## [PROBLEM DETAILS]
Quote the whole listing word for word. Do not include the pictures.

## [SOURCE MATERIAL]
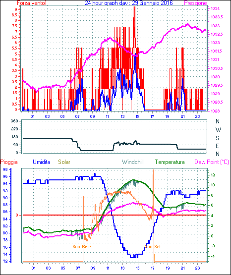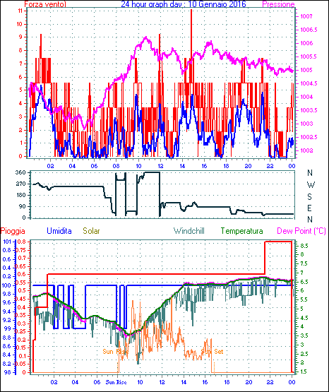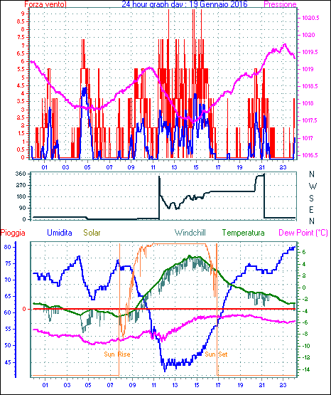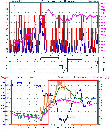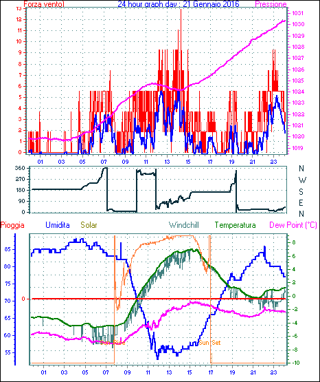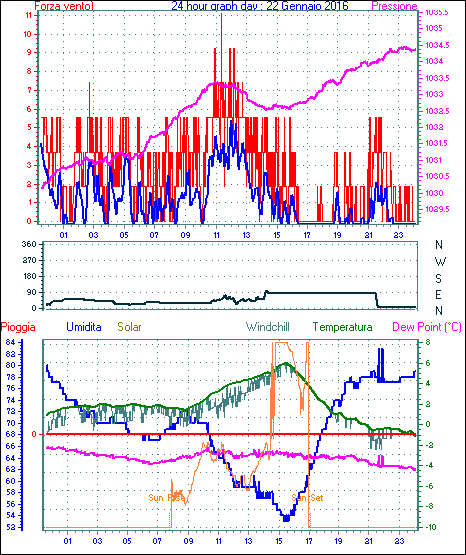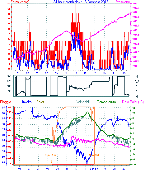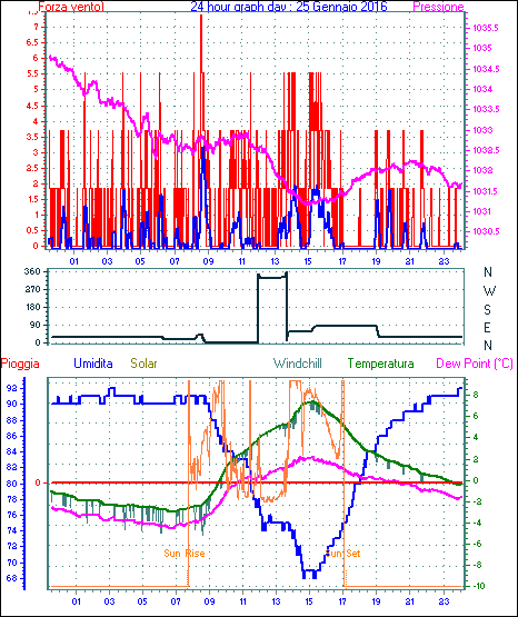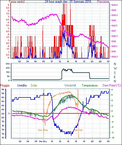 Minimum dewpoint = -3.4°C giorno 01 tempo 8:46
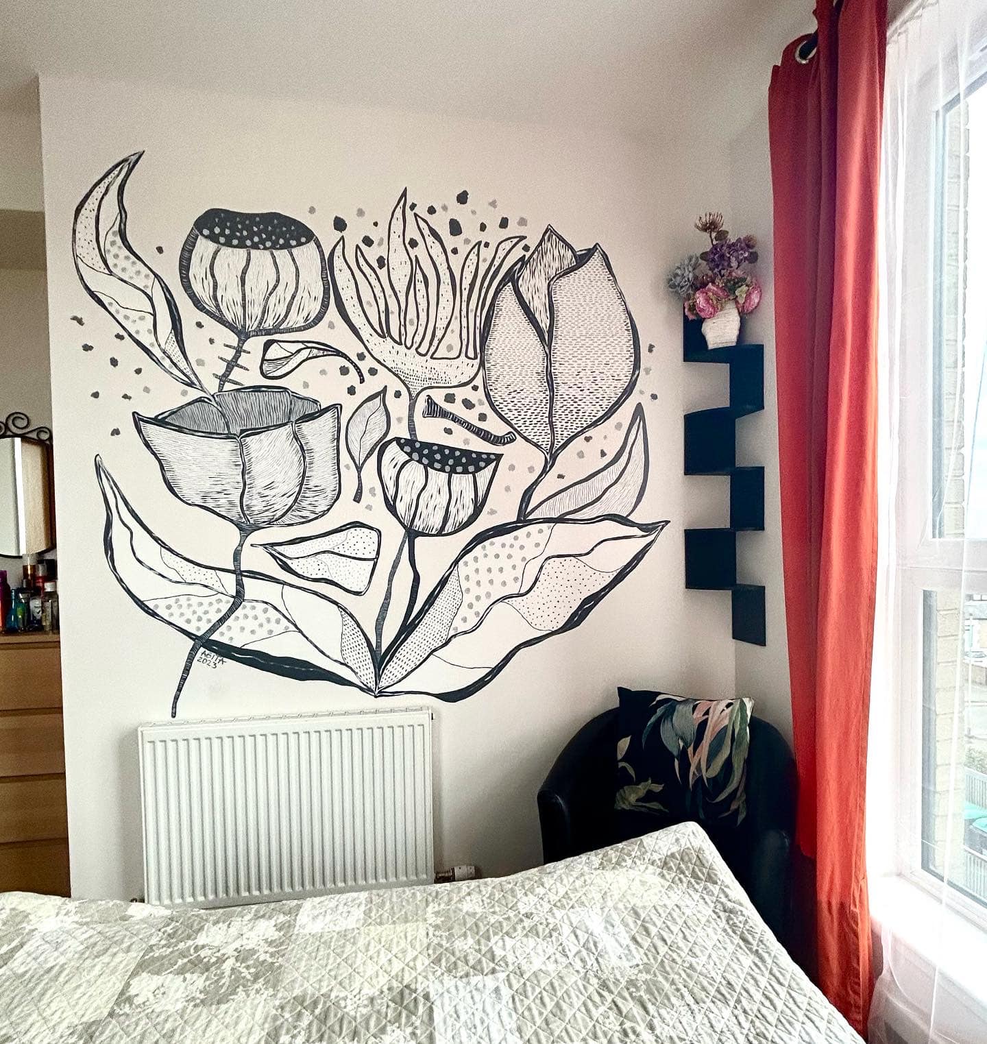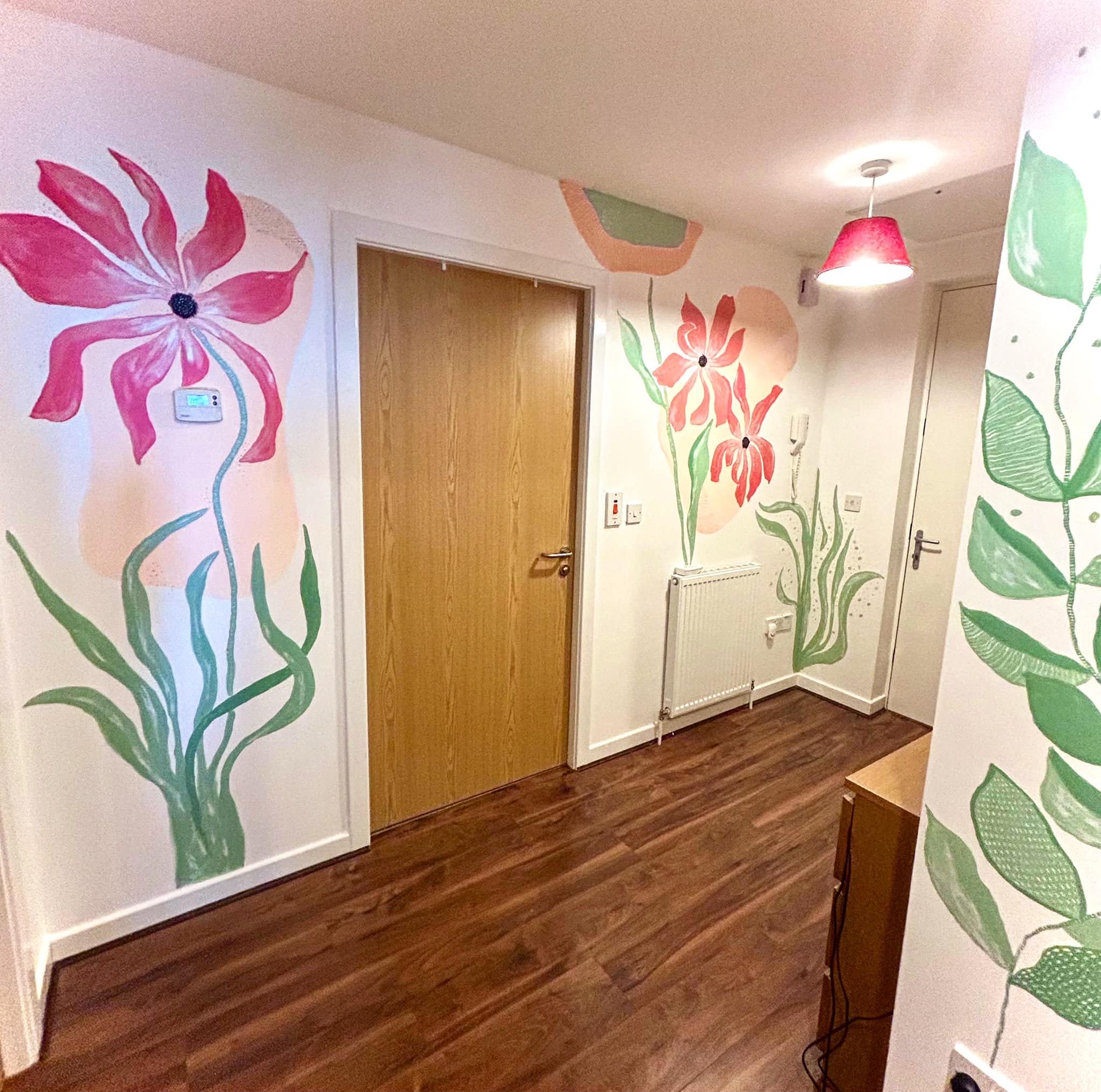 Murals transform spaces in ways that framed art simply can't. I approach walls the same way I approach canvas—intuitively, with colour, movement, and a sense of play. Whether it's bold abstract florals for a home, expressive faces for a creative studio, or custom designs tailored to your vision, I paint murals that shift the energy of a room and make it feel alive.
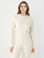 • Bayan Bej Saç Örgü Desenli Bisiklet Yaka Örme Sweatshirt
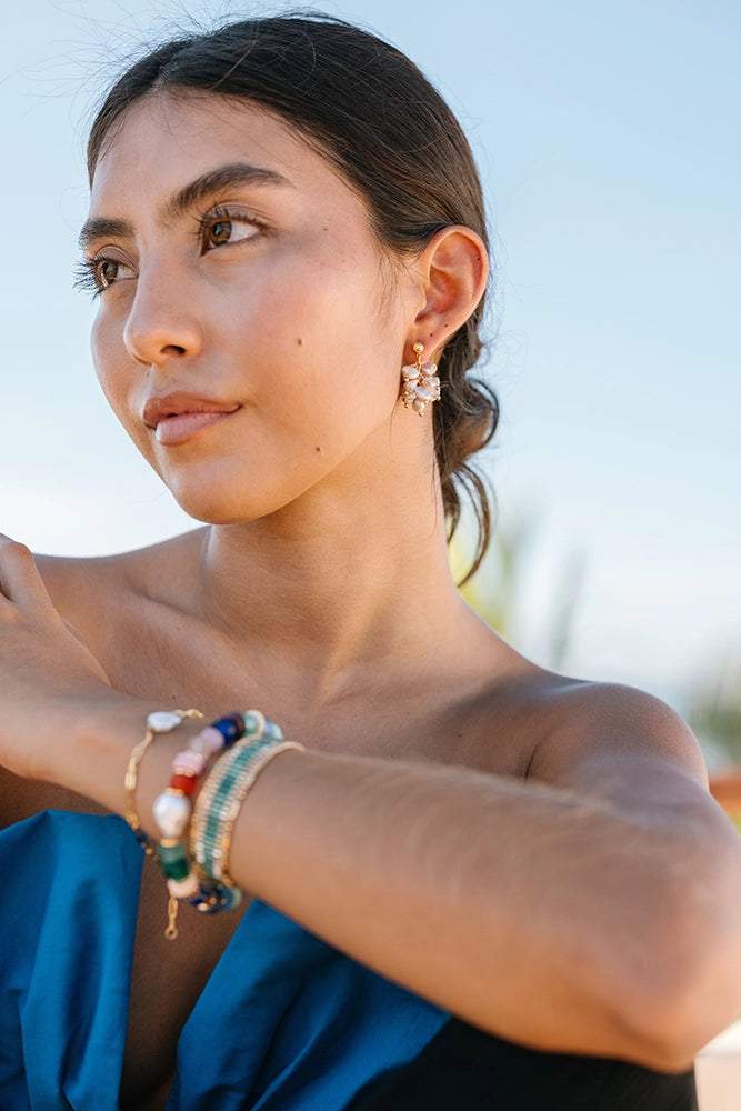 Strands of elegant fresh water cultured pearls cascade down for a classic gold statement earring. Gold plated brass makes this convertible earring truly timeless. Wear them long for a more dramatic impact, or loop them behind your lobes for a chic huggie earring.

## [REPLY]
 Minimum dewpoint = -3.4°C giorno 01 tempo 8:46
 Murals transform spaces in ways that framed art simply can't. I approach walls the same way I approach canvas—intuitively, with colour, movement, and a sense of play. Whether it's bold abstract florals for a home, expressive faces for a creative studio, or custom designs tailored to your vision, I paint murals that shift the energy of a room and make it feel alive.
 • Bayan Bej Saç Örgü Desenli Bisiklet Yaka Örme Sweatshirt
 Strands of elegant fresh water cultured pearls cascade down for a classic gold statement earring. Gold plated brass makes this convertible earring truly timeless. Wear them long for a more dramatic impact, or loop them behind your lobes for a chic huggie earring.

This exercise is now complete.